Great. As a reminder, if you wanna ask a question, you can submit one electronically, or you can raise your hand. I know it's a really full room, but we'll get someone to run over with a mic. I will start. You talked about some of the advantages of Tyvaso DPI. Can you talk a little bit just more qualitatively about how the launch is going? You know, is it driven by switches from nebulized Tyvaso? Is it driven by patients who are new to therapy who maybe didn't want the nebulizer before?

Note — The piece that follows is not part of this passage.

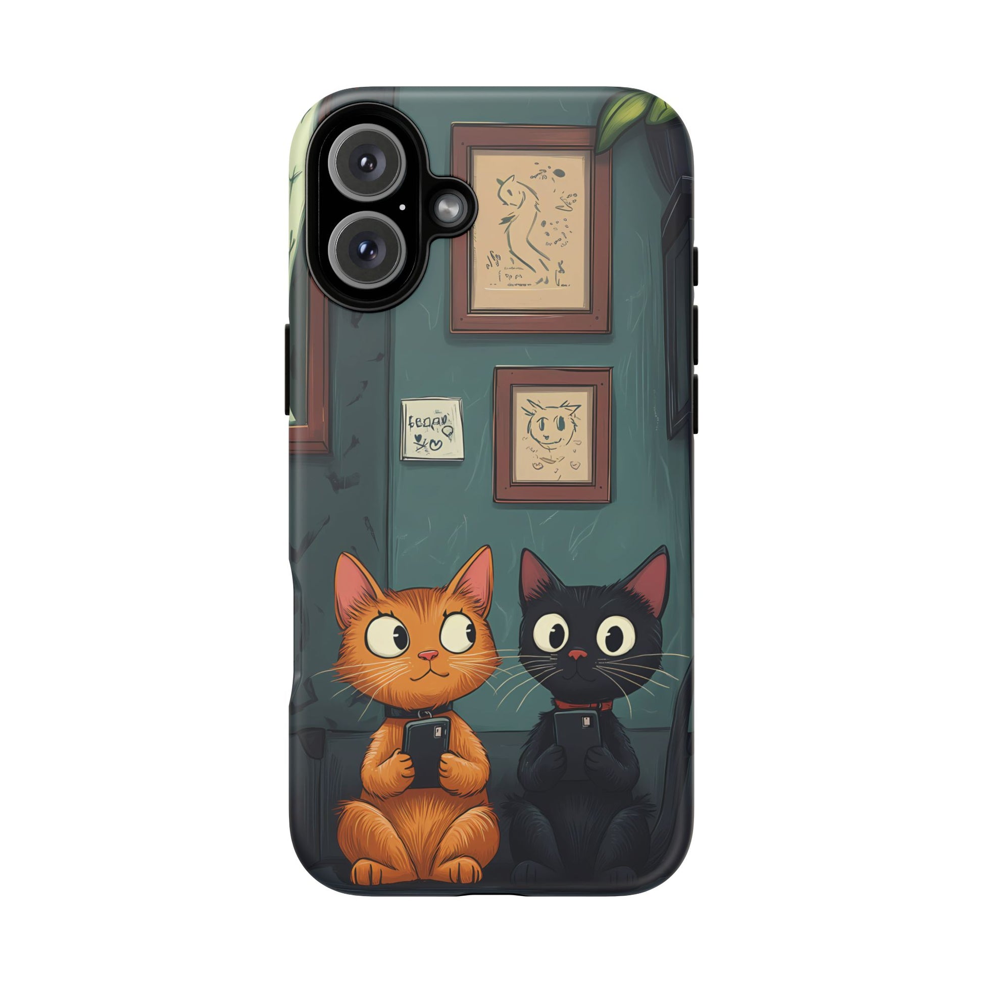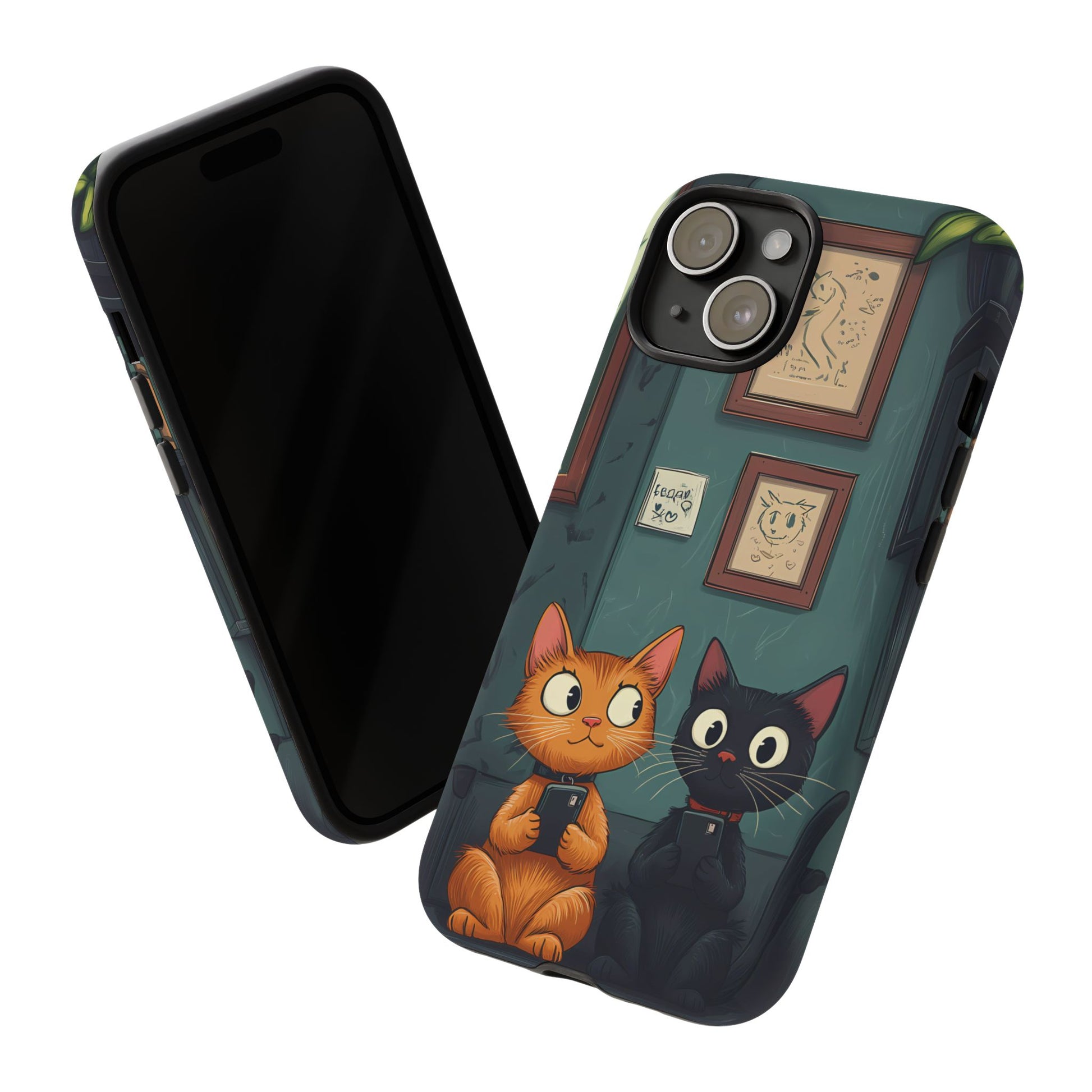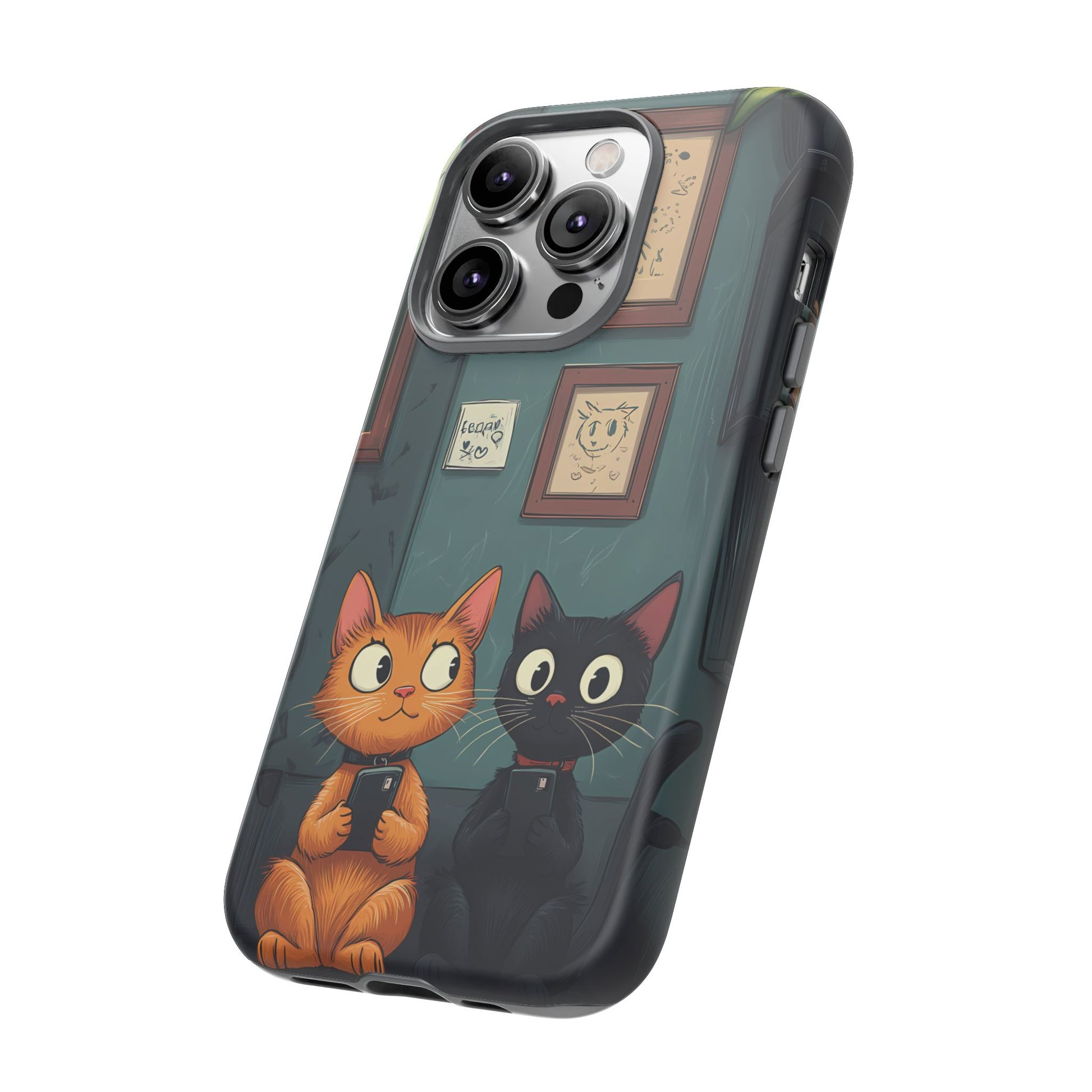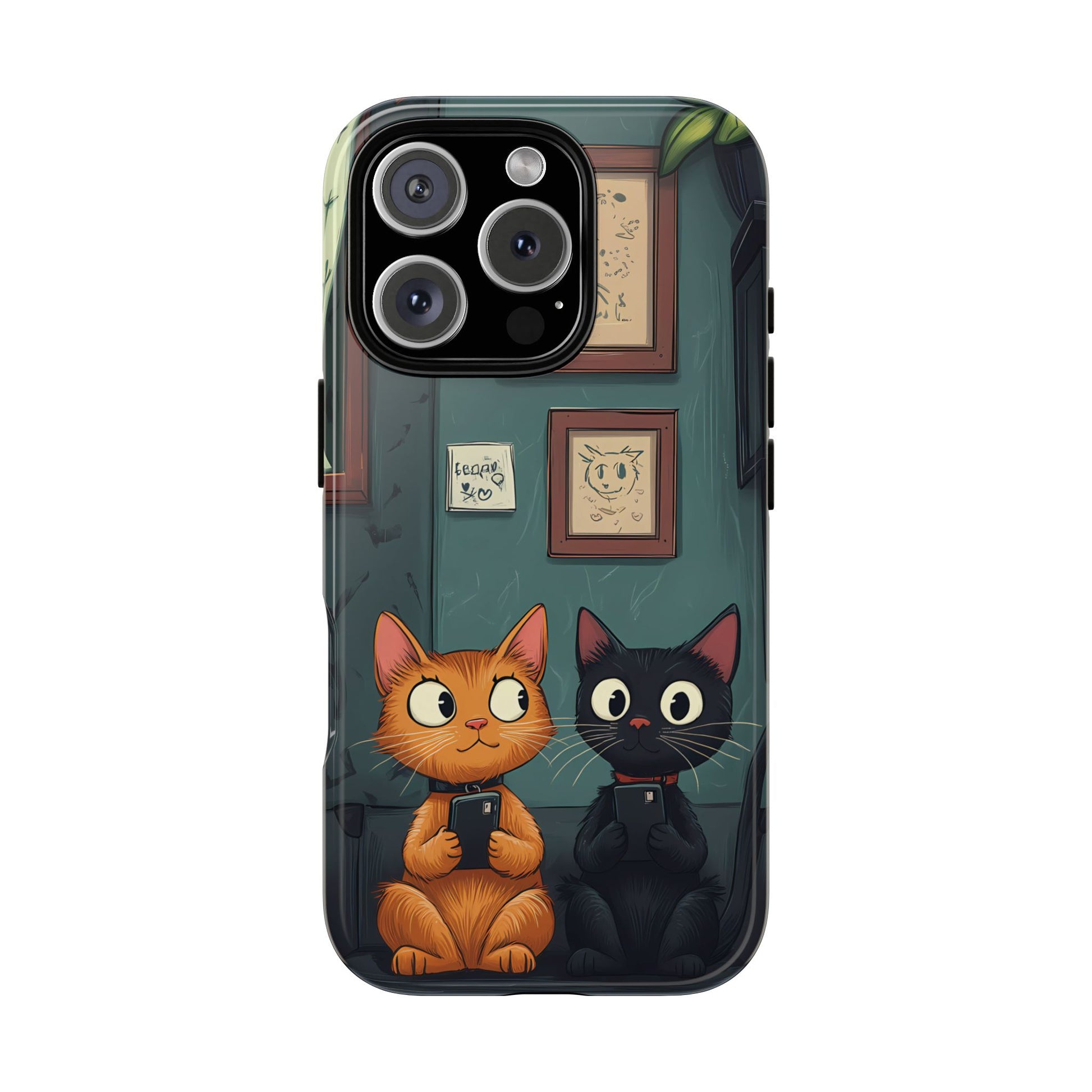 This charming design features two lovable cartoon cats sitting side by side, each holding and gazing at their phones. A playful and adorable take on feline friendships, this phone case is perfect for those who enjoy cute, humorous, and lighthearted designs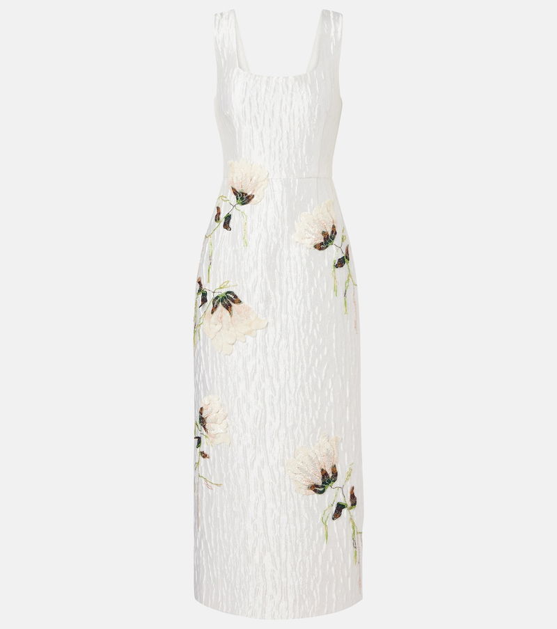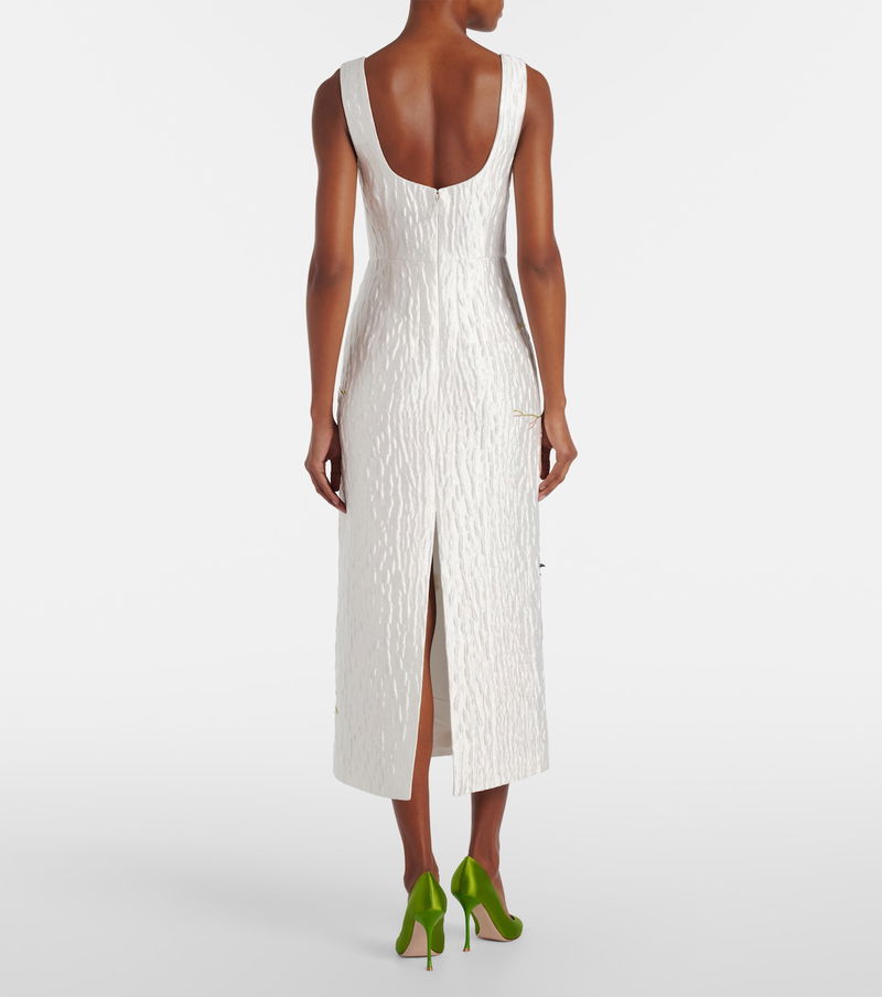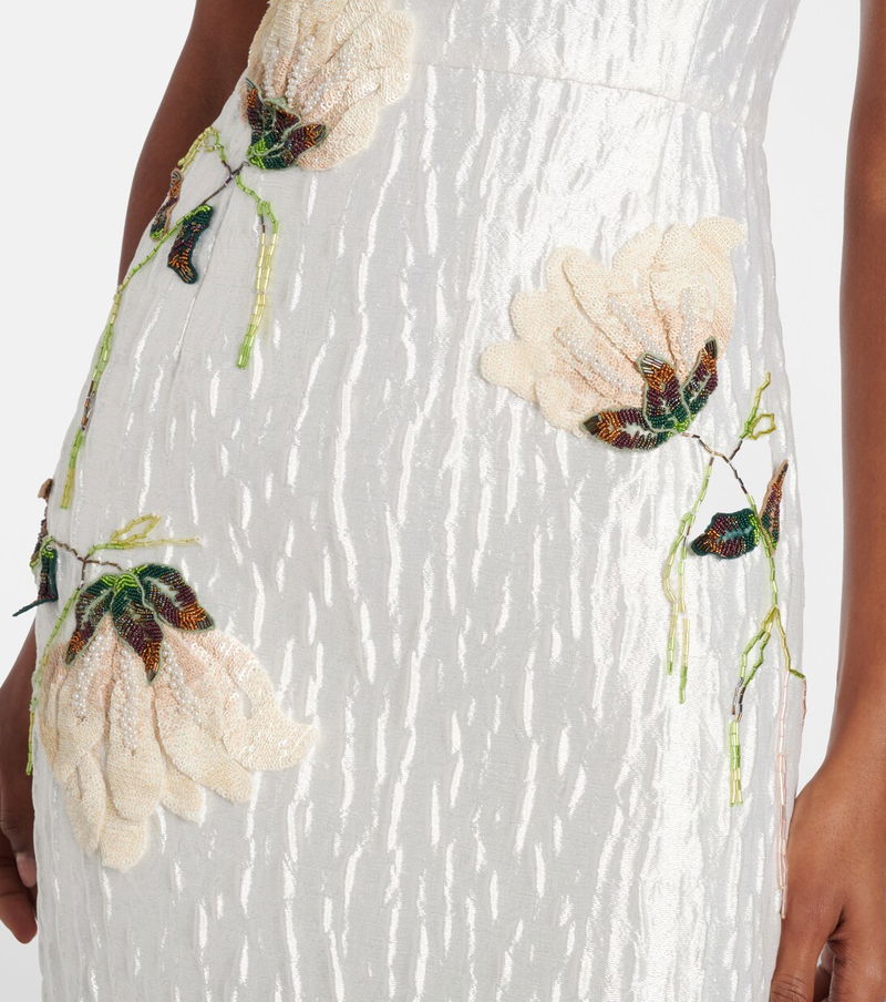 Inspired by sculpture and architecture, Simkhai's designs combine innovative construction with hand-detailing. Carefully crafted from jacquard fabric to a structured silhouette, the Lilibeth cocktail dress is characterized by its floral details, brought to life by eye-catching embellishments.

Kinda give us a little more flavor about what that launch looks like.

Martine Rothblatt
Chairperson and CEO, United Therapeutics

Sure, Jess, Mike, would you like to take that question?

Michael Benkowitz
President, United Therapeutics

Sure, happy to. I think I talked a little bit about this, I think it was on the Q3 call. One of the things that we often scratch our heads about in this, in this space is how slow things seem to move, particularly in the face of really awesome data. Happily, that has not been our experience with Tyvaso DPI. It has really, I think, come out of the gates incredibly strong. Physicians are very happy. Patients are very happy. Martine referenced the low discontinuation rate relative to other, our other products, which is obviously very good for patients, very good for us as a company. I think overall the DPI launch is going exceptionally well. In terms of the mix of patients, it's both.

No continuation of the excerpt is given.